On the Ministry of Interior’s Facebook page, pictures were posted of the shop owners with their backs turned, along with pictures of the US dollars in their possession. The post itself garnered almost 2,000 likes, in addition to numerous comments and shares praising the government’s actions. 

Commenting on the recent spate of arrests, Joseph Daher, a scholar of political economy at Lausanne University, previously told Syria Direct that, “the government is taking action to show that it is doing something.” However, he remained skeptical that these arrests will be effective in cracking down on currency speculation and in stabilizing the value of the Syrian pound.

Butter was also pessimistic about the new intermediary rate preventing black market activity. “Since there’s room for corruption, traders and investors will probably get hold of foreign currency directly through parallel markets if it’s less hassle,” he said. 

Reassuring the business community

Despite the official announcement of this intermediary rate, the fear that certain importers will be punished for using foreign currencies has led many to seek reassurances from the SCB that they will not be subject to punitive laws. 

Hazem Qarfoul, the governor of the SCB, held a meeting with the Federation of Syrian Chambers of Commerce, announcing that he was ready to discuss procedures and measures with traders and merchants who held licenses to deal in foreign currency, as long as they were conducted “within the official channels only.” This includes import financing from banks, money changers, the SCB itself, and from their own personal resources. 

Qarfoul also stated that these measures would be coordinated with the Ministry of Interior and the Anti-Money Laundering and Counter-Terrorist Financing Authority, especially in light of the two presidential decrees issued in January. 
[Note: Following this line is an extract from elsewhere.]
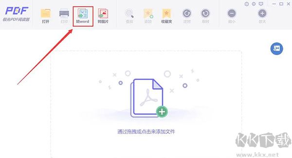 1、首先,我們打開(kāi)極光PDF閱讀器,在其向?qū)ы?yè)面中,點(diǎn)擊頂部功能欄中的“轉(zhuǎn)word”選項(xiàng)。

In response, the representatives of the Federation of Syrian Chambers of Commerce stressed the importance of making sure that transactions take place within official channels by cooperating with the SCB, publishing explanations on the necessary procedures, holding workshops and seminars on the implementation of the decrees, and supporting the national currency. 

“The government wants to revitalize the commercial and industrial scene in Aleppo,” Butter said. After government forces retook parts of the Aleppo countryside last month, the government “is trying to get business groups to come back from Turkey, Egypt, Dubai, and Europe, as Aleppo gets going again with industry and trade.”

Even in Syria’s free zones, importers and exporters were reassured that they would not be subject to punishment as long as they used official channels. After speaking with Qarfoul, Fahd Darwish, the Chairman of the Higher Committee for Investors in Free Zones, told Al-Watan that importers can import materials not directly funded by the SCB by seeking financing from licensed exchange companies. Darwish also said that he received confirmation from Qarfoul that foreign currency dealings are permitted in the zones since the two decrees do not apply to free zones or foreign companies, even if the main investors are Syrians. 

According to Al-Watan, Qarfoul promised investors that he would reopen bank branches and help establish exchange companies in the free zones to help ease the financing of imports, especially industrial inputs. Prior to 2012, seven banks were operating in the free zones, but only one remains today.

Until now, it is still unclear how many businesses and investors will return to Syria from abroad. Whether the business community has confidence in Syria’s economy is also an open question. However, with the government continuing to suffer from foreign exchange shortages and low-levels of investment, reconstruction remains more an elusive idea than a concrete reality.